# Meet up anyone ?



## saphy75 (Mar 15, 2004)

During tonights chat it was suggested we arrange an adoption/fostering meet up so we can all show off our kids (although it won't be specifically for us already matched everyone welcome) obviously this board is a public board and therefore any plans made would have to be discussed through pm's, in the private chatroom or both. i am just waiting to get confirmation of when dh can take holidays off work but i was thinking of september october time. as to where that would depend on who was interested in coming along and where everyone lives, then we could try to centralise it a bit.

if you are seriously interested and have any suggested places to hold a meet then please post here  

thanks, pam xx


----------



## fiona1 (Feb 2, 2005)

I would love to meet up. I am in Kent but could travel and maybe stay in a hotel over night. 

Fiona


----------



## saphy75 (Mar 15, 2004)

cool i'm thinking maybe the south of the country might be where it's at   (although i'm midlands but will travel)

i'm quite excited to meet you all and even if we only get a few of us i think it'd still be nice to meet up 

pam xx


----------



## cindyp (Apr 7, 2003)

Would love to meet up, have already informally met up with few people on here but it would be lovely to put a few more faces to names.  Don't think DH would come along, he considers FF as being my hobby and pays limited attention when I try to talk to him about it  .

I'm in the Midlands like Pam but will also travel.

Cindy


----------



## saphy75 (Mar 15, 2004)

great Cindy, if a few more of us are midlandish then i'll look at something inbetween   maybe you could talk dh into it as i was thinking we could meet somewhere for the day, say maybe for a picnic and then people can either stay together or wander off on their own for a bit  

pam xx


----------



## magenta (Nov 2, 2004)

I would love to meet up but we're in Scotland so not too easy to get south. 
Would be happy to arrange a Scottish get together though - i think Boggy and Morgana are up here and maybe one or two others as well.

magenta xx


----------



## saphy75 (Mar 15, 2004)

great idea Magenta, if you wouldn't mind doing it that would be fabby. you never know i might talk dh into taking me to both  

pam xx


----------



## Boggy (Dec 13, 2006)

Magneta,

I'd be interested in a scottish meet up, and there's at least another 2 scottish members around that I know of.

Bx


----------



## fiona1 (Feb 2, 2005)

For us southerners how about Milton Keynes?

That's middle ish

Fiona


----------



## saphy75 (Mar 15, 2004)

Fiona i'll have to get my map out as my geography is not good    plus i'd like to see who's coming before we agree to an exact location   shall we give it until this time next week, then see who's deffinately up for coming, then we can choose somewhere central to us all  

pam xx


----------



## Ann (Mar 21, 2002)

HI,

I am up for a meet   how about gullivers near milton keynes?

Ann xx

looking forward to it already


----------



## saphy75 (Mar 15, 2004)

Guilivers sounds great to me   what's every one else think ?

pam xx


----------



## ♥ M J ♥ (Apr 17, 2004)

i am in the north east however happy to come to MK as i have friends who live there so could combined the trip

xx


----------



## fiona1 (Feb 2, 2005)

Yep, good for me too. My cousin has a static caravan in Northampton I could stay in and make a weekend of it.

Fiona


----------



## Barbarella (Jun 11, 2005)

I'm in the South... but very far down South so MK would be a bit far from me.  

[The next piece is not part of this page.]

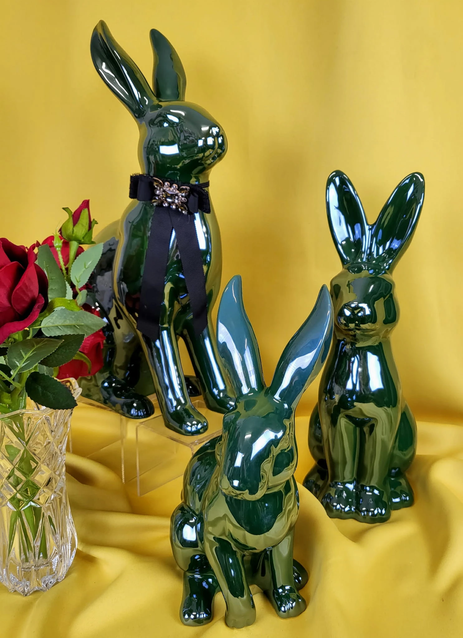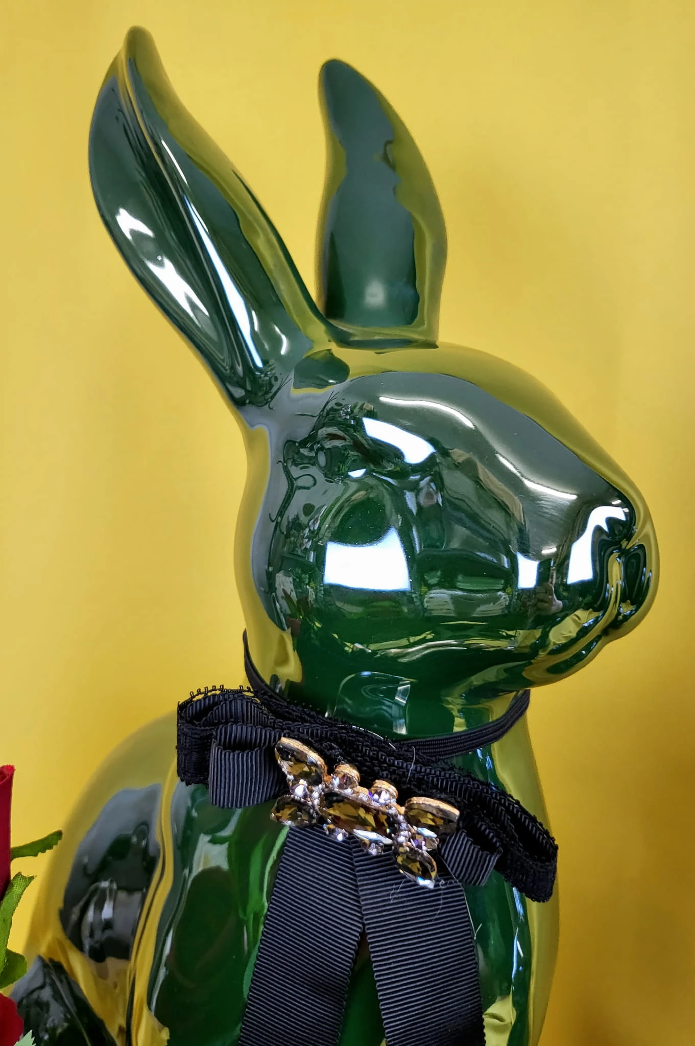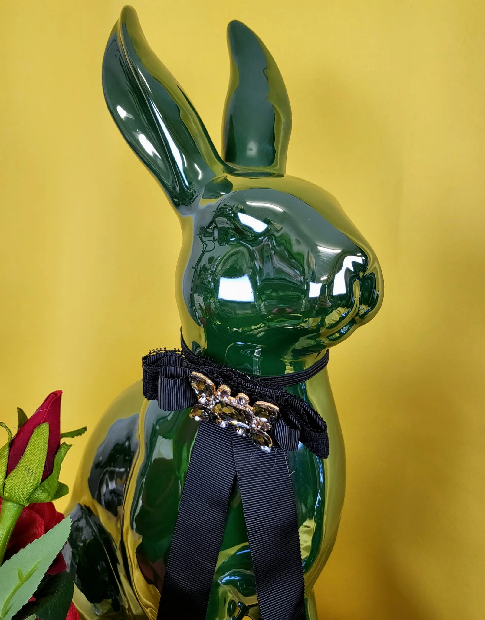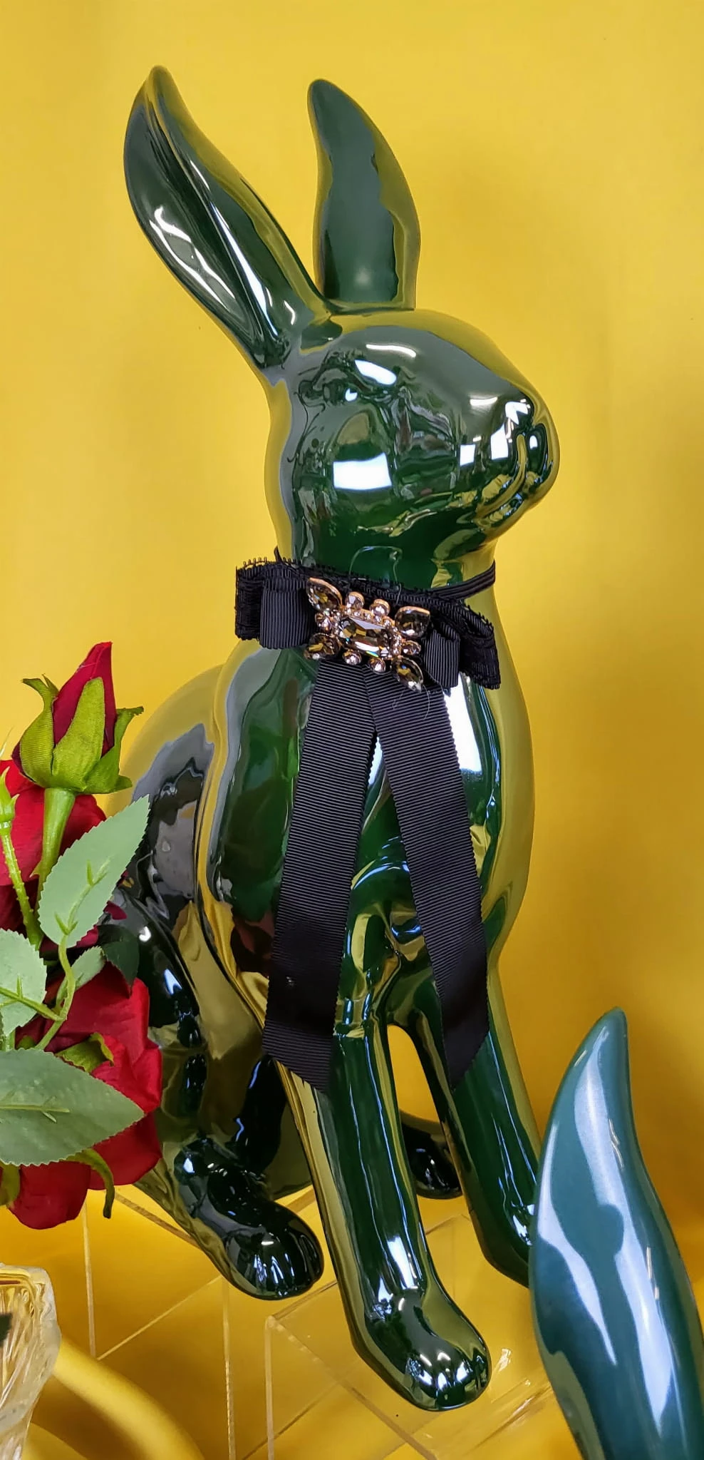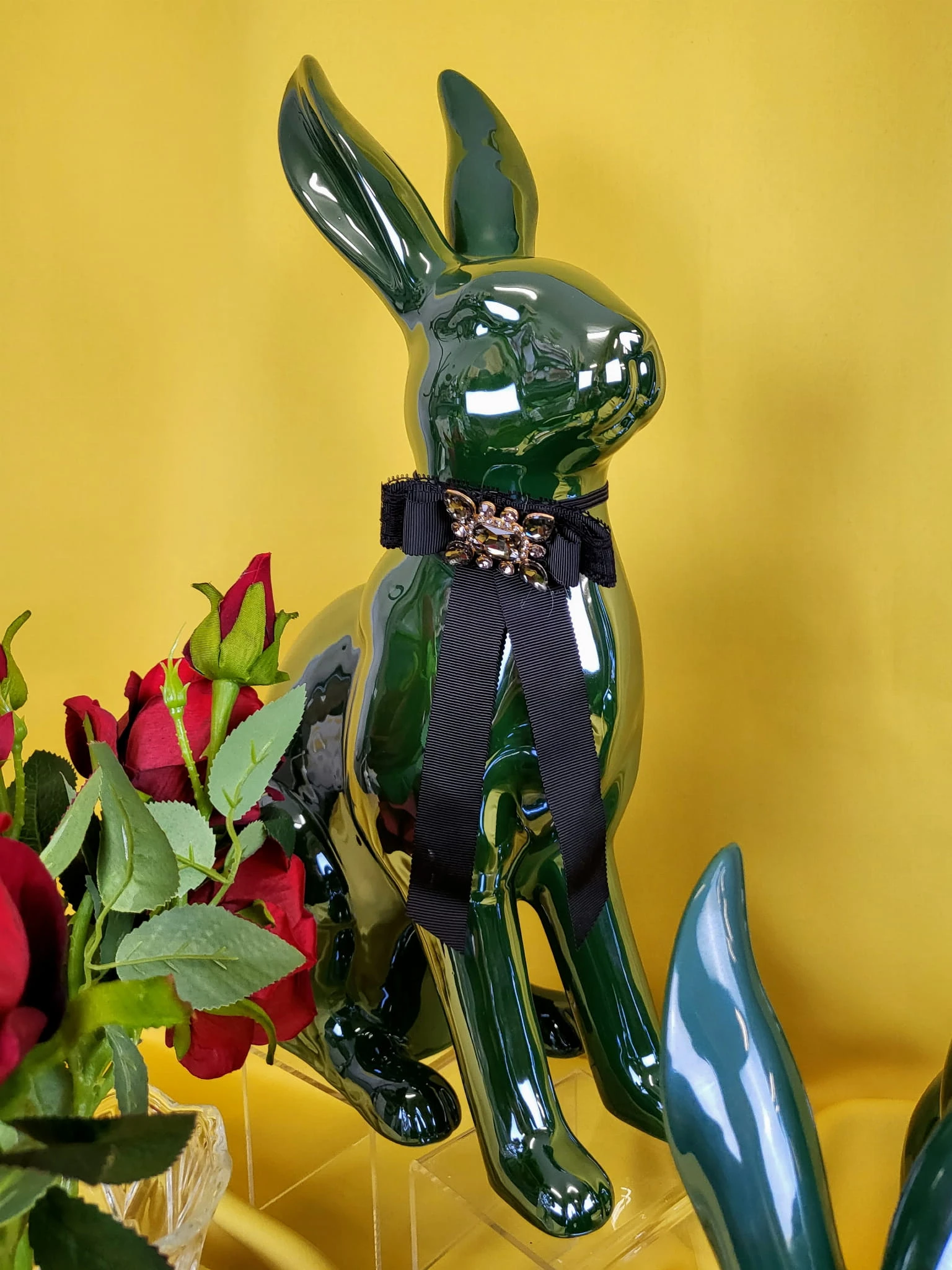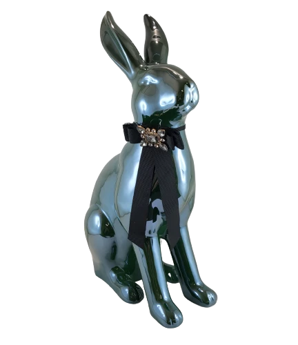 KRÓLIK CERAMICZNY ZIELONY Z KOKARDĄ BROSZKĄ
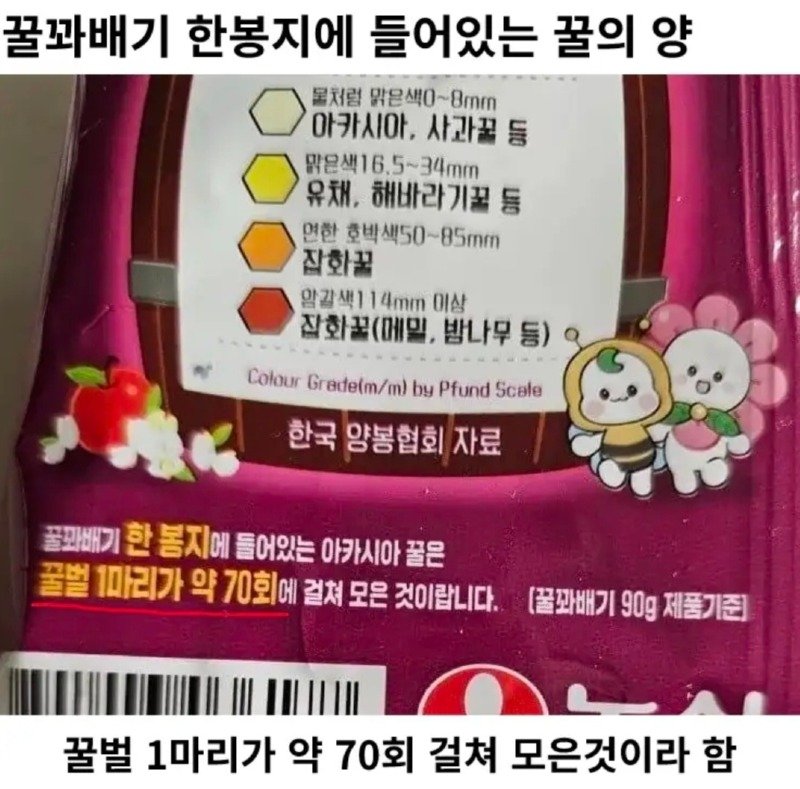 꿀꽈배기 90g 한 봉에 꿀이 3.2% 대략 2.88g 니까 40mg 기준으로 70회라고 한 거겠네요

Chose a date and a venue and if I can make it I will... 

Cx x


----------



## Old Timer (Jan 23, 2005)

MK would be a bit too far for me as well really but would love to meet up.
OT x


----------



## GuitarAngel1979 (Sep 8, 2005)

fiona1 said:


> For us southerners how about Milton Keynes?
> 
> That's middle ish
> 
> Fiona


I would be willing to travel to Milton Keynes


----------



## saphy75 (Mar 15, 2004)

I'm still trying to pin dh down to a date  

OT where abouts are you, i'm in lincolnshire so MK is a fair travel for me too. I f we establish where everyone is then maybe we could make the venue more central to us all   

pam xx


----------



## sundog (Jun 21, 2007)

I would love to meet up too. I am in Derbyshire.

Sundog
x


----------



## Old Timer (Jan 23, 2005)

Hi pam
I live in Gloucestershire, looking on the Auto-Route I could either go motorway or cross country, travel time 2.5 hours or more.
Love
OT x


----------



## sundog (Jun 21, 2007)

OT

Hope you are not flooded . I have just been watching the flood special on BBC1 and can't believe how bad it has been for other areas of the country. I am soo releived to live on top of a hill!

sd
x


----------



## Lynnm (Mar 7, 2006)

Hi Magenta 

As there is a few Scottish members around, I would love a meet up with some of us a bit closer to home.  I am also willing to travel South too.

Lynn x


----------



## Old Timer (Jan 23, 2005)

Hi Sundog
Not flooded thank goodness but it has been a bit of a nightmare travelling, esp last Friday!  Today we have lost our water supply and so far no bowsers or free water where I live and they are saying could be off for about 2 weeks!  Feel so sorry for the people who have been flooded, it will take ages to sort the mess out.
Thanks for asking.
Love
OT x


----------



## saphy75 (Mar 15, 2004)

Dh has said MK is a bit too far for us as it's over 3 hours and ds would play up being in the car that long   i will have to see how far he is willing to travel, but if you guys want to go ahead and meet at gulivers then that's fine   i guess i'll have to sit it out   

otherwise i'll look at a different venue if anyone is up for it 

pam xx


----------



## wynnster (Jun 6, 2003)

Hi Peeps

Would love to meet up! Great Idea  

Just a suggestion, but how about 3 meet locations? Southern, Central and Scotland  I'm sure we could all get to a destination then?

Kimmy x


----------



## saphy75 (Mar 15, 2004)

sounds good to me hun   lets have a vote 

pam xx


----------